5. Conclusions and Future Work

In this hybrid framework (DRSM-CNNFIS), the diabetic retinopathy stage identification process provided robust performance in all classes (normal DR (NDR), mild DR (MDR), moderate (MoDR), severe DR (SDR), and proliferative DR (PDR)), with an overall accuracy of 93%. Membership functions were constructed and tuned based on labelled data [14] that increased only by 3.6-fold compared to the original data. In the first step, the convolutional neural network was used to obtain the output vector of image features. In the next step, a fuzzy rule-based system was implemented based on human expert knowledge to measure the stage of DR. The final framework showed better performance compared with existing CNN models and ensemble models mentioned in the related work: DenseNet-201, Inception-ResNet-V2, Inception-V3, ResNet-50, Xception, Majority Vote Ensemble, and Average Ensemble.
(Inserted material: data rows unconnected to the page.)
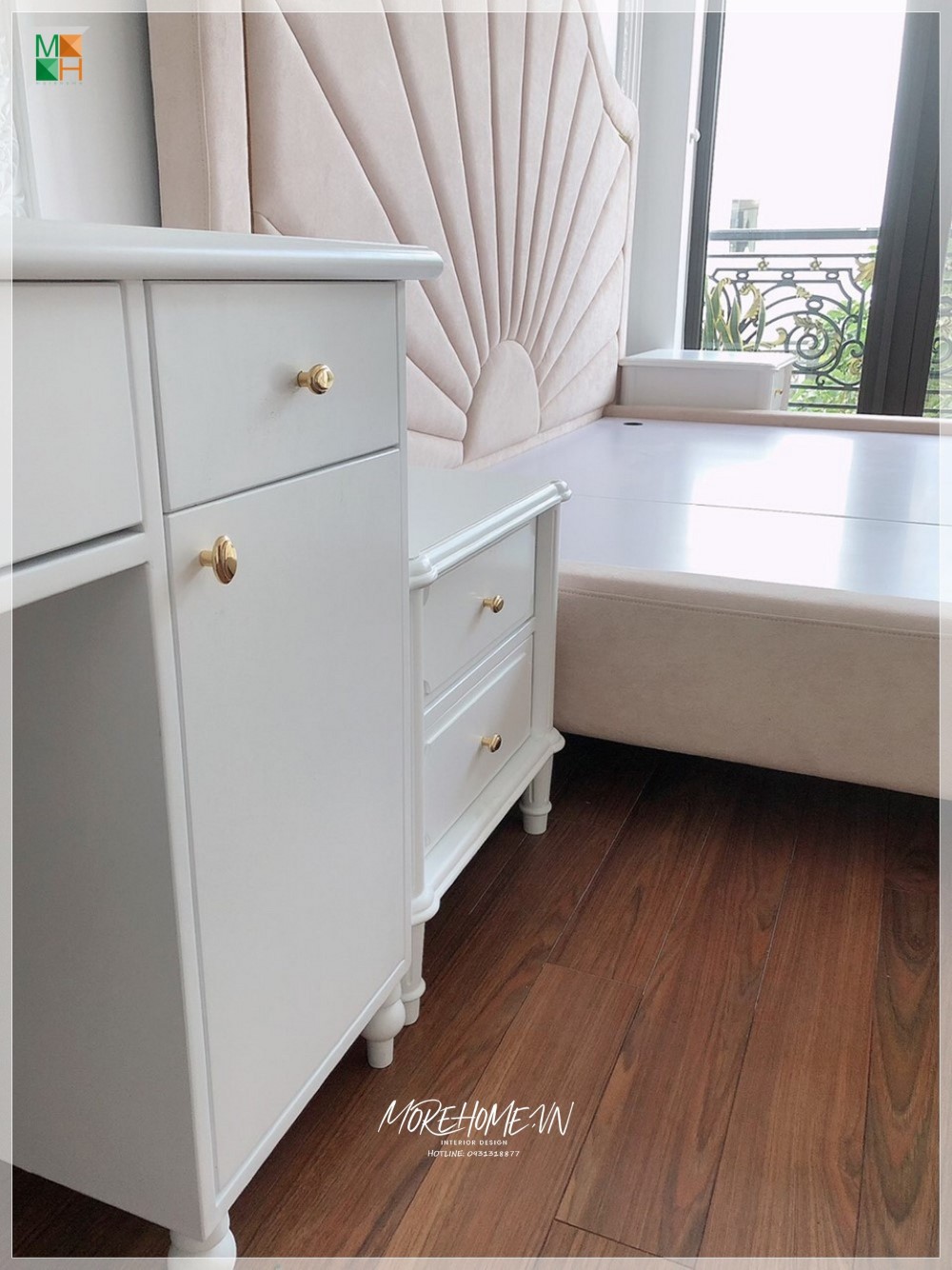 Thi công tab đầu giường tân cổ điển để trang trí thêm không gian, tạo ra một nơi thuận tiện để đặt đèn ngủ.
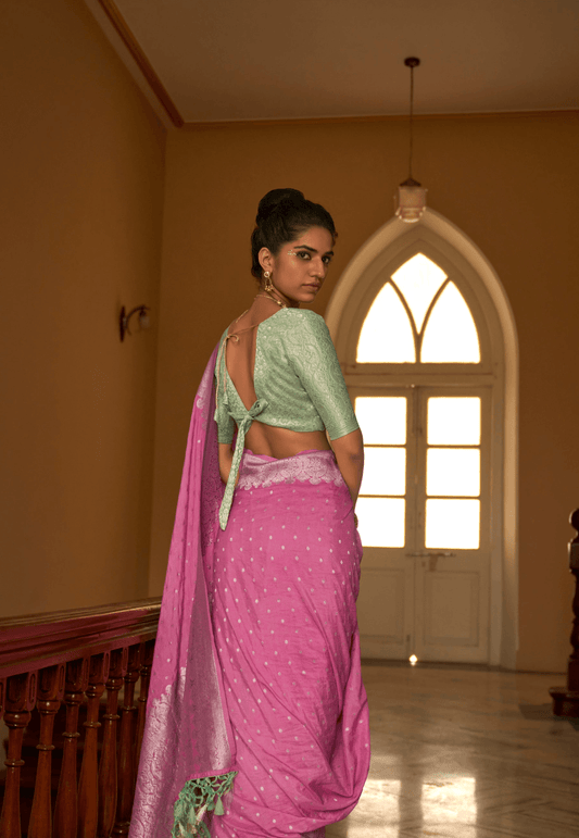 Dhiyona KM Women Lavender Banarasi Dola Silk Saree
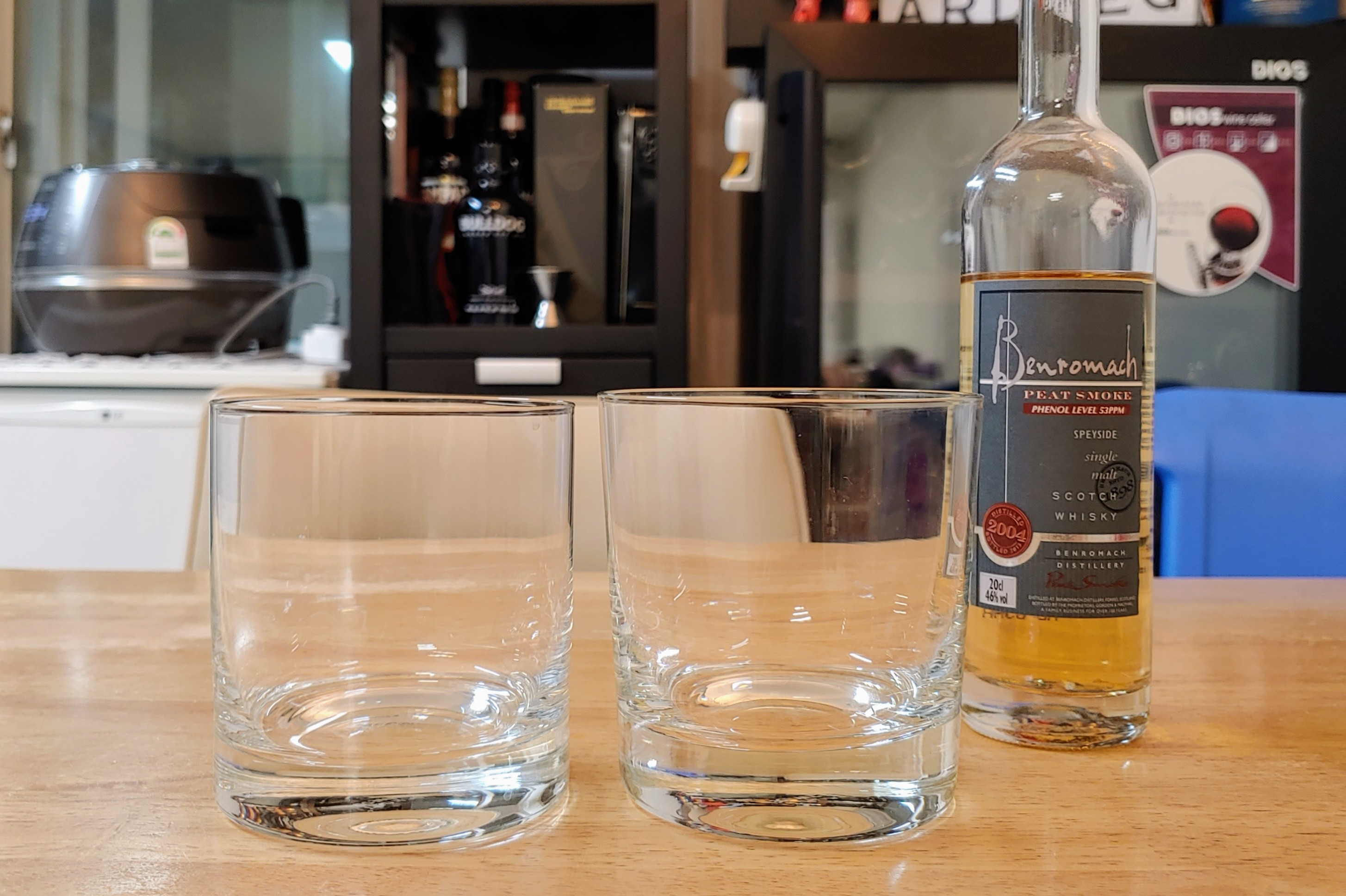 얼음을 담을 쇼트 즈위젤 온 더 락 글라스와 벤로막(Benromach) 위스키도 준비합니다.
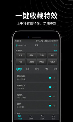 软件支持上百种云音效以及特效,蓝牙伴奏功能,真正的做到把声卡藏进麦克风里。
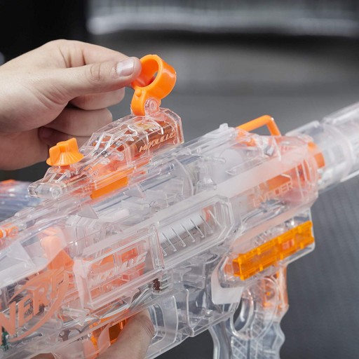 Dzięki zestawowi Reflective Targeting Kit możesz ulepszyć swój blaster Nerf Modulus Ghost Ops. W skład zestawu wchodzi regulowany celownik, który zawiera diodę LED oraz dwa cele. Celownik mocuje się do szyny taktycznej. Po włączeniu celownik wysyła wiązkę światła, która oświetla cele. Celownik może zostać dołączony do każdej wyrzutni Nerf, która posiada szynę taktyczną.
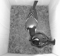 Die Meiseneltern sind scheinbar schon ein eingespieltes Team. Sie arbeiten bei der Fütterung und dem Abtransport der Exkremente perfekt zusammen. Sitzt das Weibchen gerade auf dem Nest, um die Jungen zu wärmen, dann übergibt das Männchen das mitgebrachte Futter (Insekten, Raupen) dem Weibchen, das dann vom Nest aufsteht und es an die Jungen verfüttert.
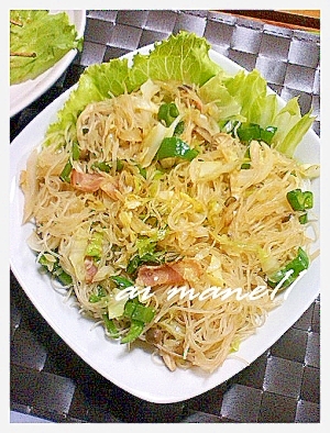 レシピを考えた人のコメント:コシのあるビーフンにたっぷりの野菜を入れて焼きました♪一緒にめしあげれ~

The proposed system showed better results and robust performance for multiclass classification with a weighted average of 0.9371, 0.9281, and 0.9296 for precision, recall, and D1-score, respectively, using the five-fold cross-validation method. In the future, automated method for rule extraction in the fuzzy rule-based system based on the training data will be implemented.

Implementing the proposed model in clinical practice at hospitals and ophthalmology offices will enable regular automated diagnostic measurement, which will save time and cost, and increase the chance of early stage diagnosis, as the results of the proposed model provide stable accuracy for all classes. Furthermore, dealing with noisy or low-quality data can open the door for the future of using mobile phone cameras for such applications.

The proposed model overcomes data dependency problems for deep learning models by using human expert (ophthalmology consultant) knowledge, but the limitation of this work can be seen in different aspects, such as the variation of the performance using different devices and the ethical aspects of health application automation.